A close friend introduced me to the idea that practicing martial arts has the potential to assist a Muslim in achieving a higher spiritual connection with God. Since I had always associated martial arts with Asian culture and Eastern religions such as Zen Buddhism, the connection with Islam did not immediately occur to me.
But after sitting in on one of my friend Imran’s aikido and karate classes at a dojo in the United Arab Emirates last month, the correlations began to unfold before my eyes. The mood was set when, just before starting two hours of rigorous and meticulous training, a number of students and the sensei assembled to pray Islam’s sunset prayer, known as maghrib.,………………..
While learning defensive fighting skills is the core purpose of training, interactions between students were remarkably cordial. A deep sense of equality filled the room; no matter how advanced in skill an apprentice, young or old, happened to be, s/he made an effort to enrich the experience of peers. Whether the belts they wore around their waists were black, brown, purple or white, everyone appeared to derive some value from the session.

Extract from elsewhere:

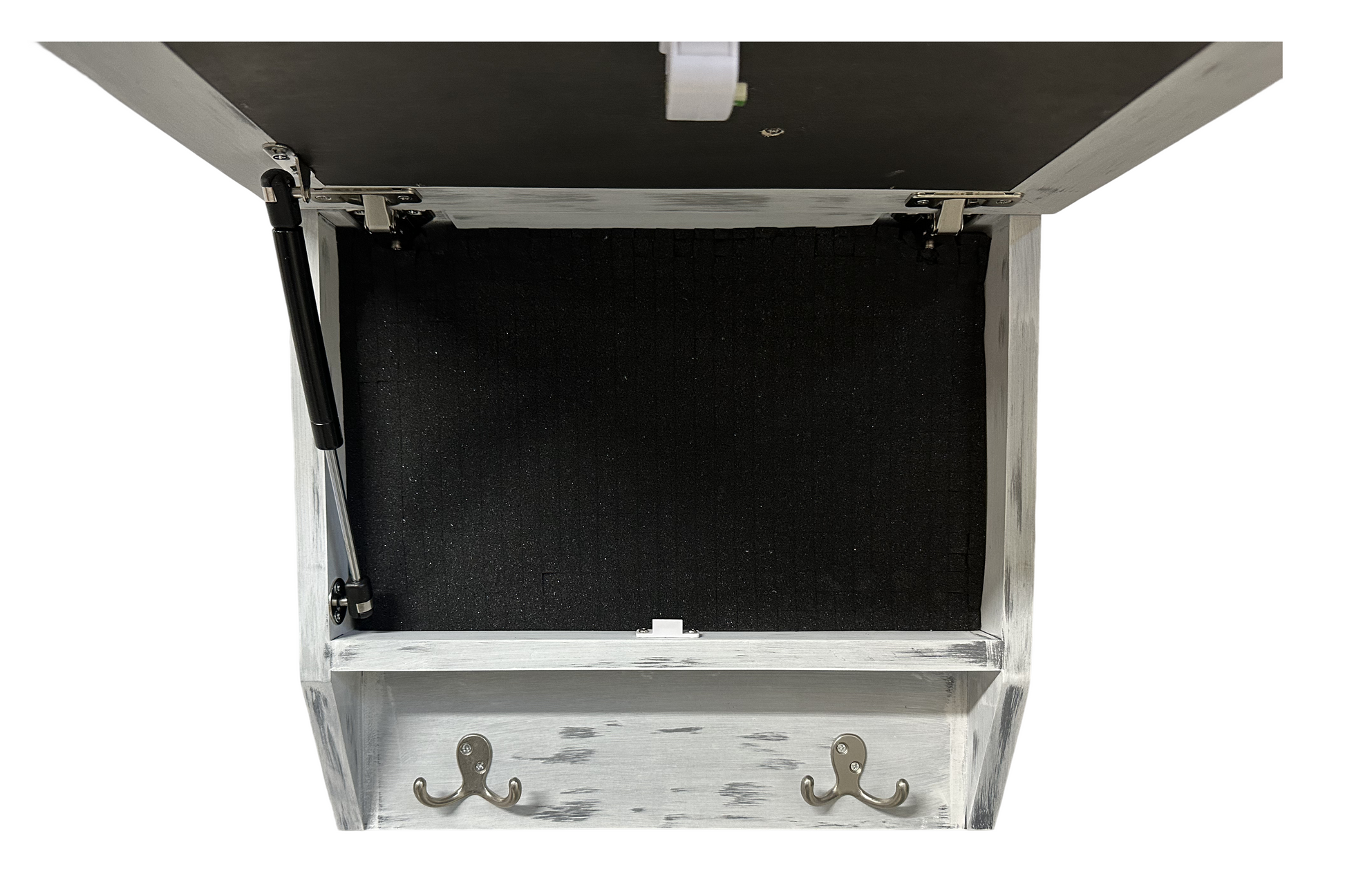 Securely store your firearm in the Snowcapped Mountain Scene Wall-Mounted Gun Cabinet. Featuring a striking layered depiction of snow-covered peaks and dense pine forests, this beautifully distressed cabinet offers both function and aesthetic appeal. The hidden magnetic lock provides quick and secure access to your firearm when needed, ensuring you're prepared without compromising safety or style. With its crisp whitewashed finish and rustic mountain design, it blends seamlessly into farmhouse, lodge, or modern rustic interiors—disguising your firearm storage as a work of wall art.

This was inspiring for me because of the commonalities I saw with Islam. Muslims at varying stages along the spiritual path share a common ambition: to forge an intimate bond with the one Almighty God. Islam embodies an undeviating path to peace of mind, attained by aligning one’s physical, mental, financial, family and community affairs to this primary goal, which we should help each other work toward.
For a martial artist, the journey of perfecting technique doesn’t end with a black belt, it demands continual dedication and training. Imran told me later than evening, “Karate is like a pot of boiling water, and constant training is the fire that keeps the water boiling,” citing wisdom from a prominent karate instructor that can underlie both martial arts and Islamic devotion.
The comment brought to mind the concept of Al Insan Al Kamil in Islamic theology, describing the perfect being who has achieved unity with God in mind, body and soul. Attaining this level of consciousness demands a series of traits, such as steadfastness (istiqamah), self-inventory (muhasabah), improvement (tahsin) and humility — each honed to perfection.